Aklımdan bu şarkının sözü geçmişti, nereden çıktıysa artık... Yine rol yaparak umursamaz göründüm, "Gerek yok" Dedim buz gibi ses tonu ile, boş bakıyordum. "Biz de dedik fakat inatla yanıma gelsin dedi" Sesinden bundan hoşlanmadığı belli oluyordu, "Bir 5 dakika uğrayayım gelirim" Dedim pes ederek, şu anda en son istediğim şey onun yanın da olmaktı...

Atma lan, sırf onu görebilmek için bilerek kriz geçirmeyi düşünün hatta her psikkoloji bölümün de kadın gördükçe onları öldürme planı yapan ben miyim?!!!

Tüm sırrı bozdun iç ses...

"Peki, seni bekleyim mi ister misin" Dedi, riskti ve gerek yoktu. "Yok ab-... Gidin siz" Son anda ona abi demekten kurtulmuştum. Kime bağlansam o gidiyordu...

Hayır Ela, unuttuk onu bitti o yok artık.

Cevap vermesine izin vermeden hastaneye doğru yürümeye başlarken kulağıma gelen fısıltısı ile dik omuzlarım çöktü "Umursamaz görünmüyorsun, duygular çok net belli oluyor". demişit 'ben bilirim' edasıyla. Odasına doğru gitsem de adımlarım geri geri gidiyordu, onunla göz göze gelmekten bile çekiniyordum.

Kapısını tıklatarak bekledim, Derin nefes al Ela, omuzlar yukarı da çene hava da evet, izin verme kimse seni ezemez. Söz verdin ona...

"Gel" O büyüleyici ses tonu ile konuşmuştu yine, ona kapılmamak elde değildi. İçeri ilk adımımı atarak önüme gelen saçlarımı geriye savurdum. o yaz dizilerin de olan klişe sahne gibiydi. Ben ikinci adımımı atarken beynimin için de romantik şarkı çalıyordu, son bulduran şey kendi ayağıma takılarak düşmem oldu. İşte benim hayatım da ki havalı ve güçlü görünme sürem bu kadardı.
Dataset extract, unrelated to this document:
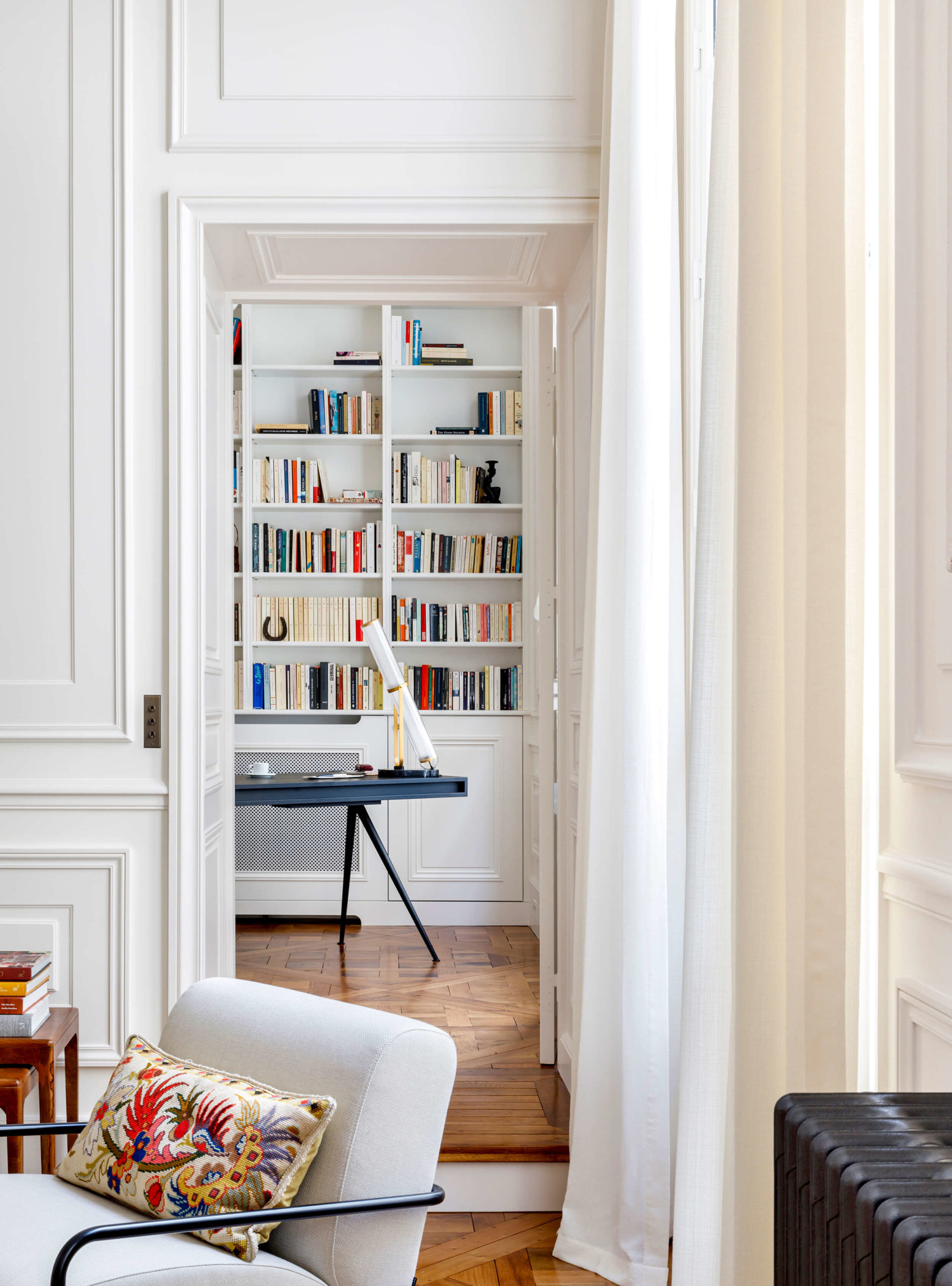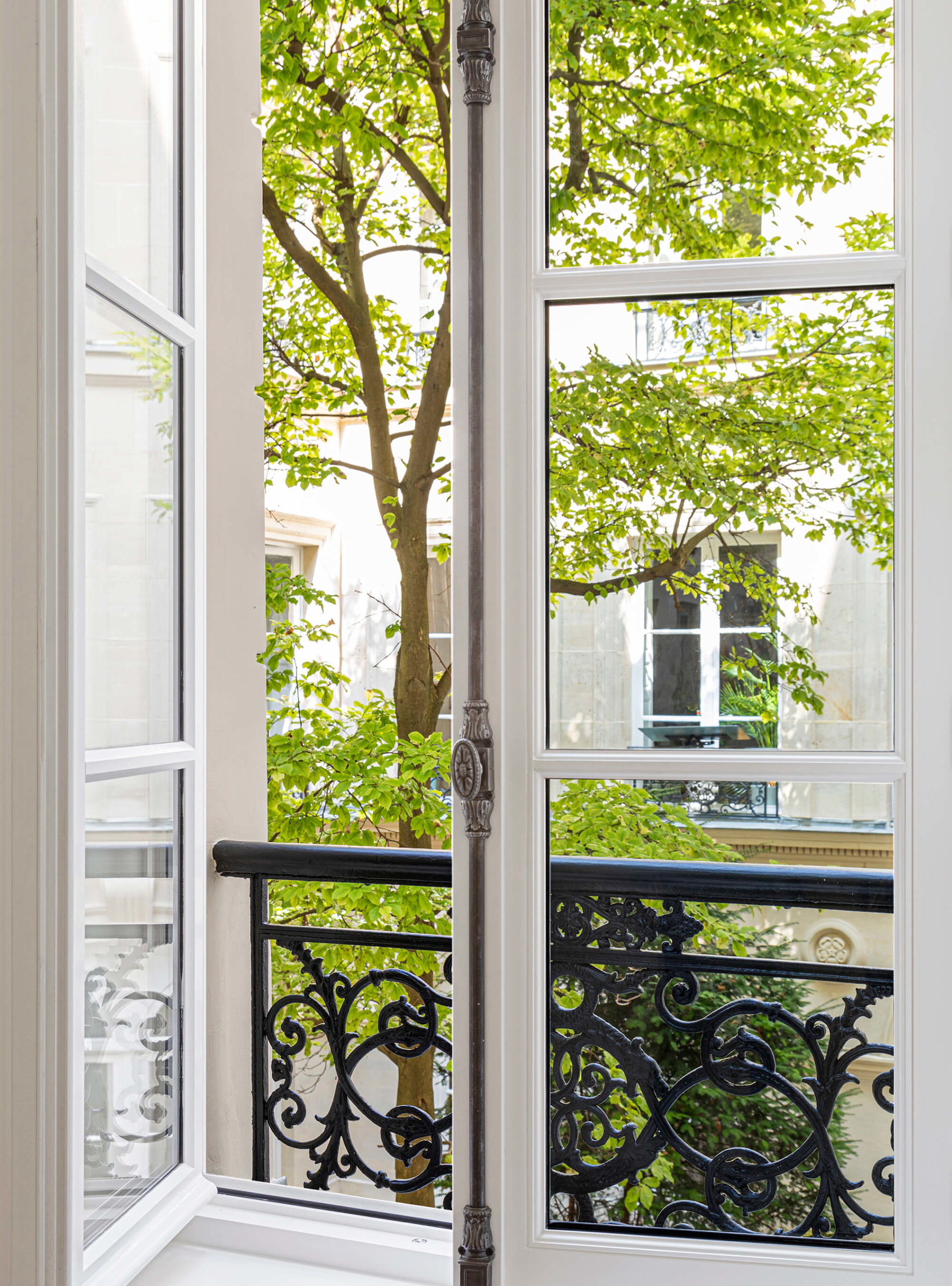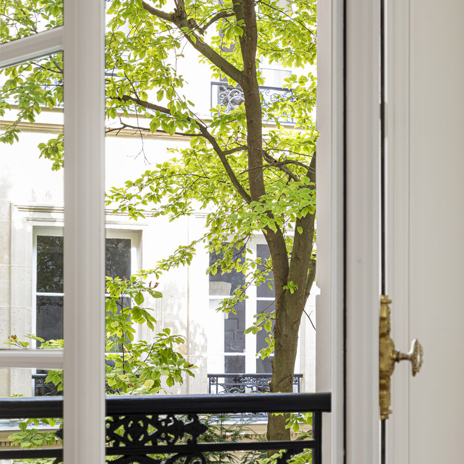 Dans un immeuble de 1850 parfaitement entretenu, cet appartement traversant entre jolie cour plantée et rue, incarne la quintessence de l’élégance classique. L’entrée dessert un vaste séjour, puis une grande cuisine dinatoire à la fois chaleureuse et fonctionnelle. Donnant sur cour, la chambre principale jouit d’un dressing et d’une grande salle-de-bains. Toujours sur cour, la seconde chambre a sa salle d’eau en suite. Un bureau complète ce pied-à-terre idéal. De généreux volumes, un magnifique parquet Versailles, des moulures raffinées et de grandes fenêtres.

Ben kendime milyonlarce küfür sıralarken, ondan tatlı bir kıkırtı duydum. Hemen kafamı kaldırdığım da dudaklarını birbirine bastırmış gülmemek için kendisini zor tutuyordu.

Acaba nasıl gülümsüyor?

Her seferin de gözlerimi kaçımıştım o gülerken rahatsız hissediyordum, ihanet ediyormuşum gibi...

Ela, ne oluyor. Gerçekten onun gülüşünü merak ettin, salaksın kızım o sana bakar mı? Kirlisin sen anladın mı? Timur senden nefret ediyor(Eski annesinin sesi ile)

"Otur lütfen" Dedi beni düşüncelerim ile yalnız bırakmayarak.

Çok teşekkür ederim, eğer konuşmasaydın belki de bir daha uyanamazdım...

"Peki" Diye mırıldandım, önünde ki boş koltuğa otururken. Tam ondan yaptılarım için özür dileyecekken o lafı ağzıma tıkadı, "Dha iyi misin" Dedi korumacı bir tavırla bedenimi süzerken. Bakışlarına yine o anlamını bilmediğim bir şey oturmuştu, Özlem mi?Hayır, Hayranlık?Hayır, Şefkat?Hayır... Daha çok 'seni anlıyorum' dercesine bakıyordu.

"Bugün neden kriz geçirdin anlatır mısın?" Dedi sanki yarım saat önce sarılmamışız gibi...

Sen abartıyorsun kızım, alt tarafı bir sarıldınız. Öpüşmediniz ki yahu!(İç ses)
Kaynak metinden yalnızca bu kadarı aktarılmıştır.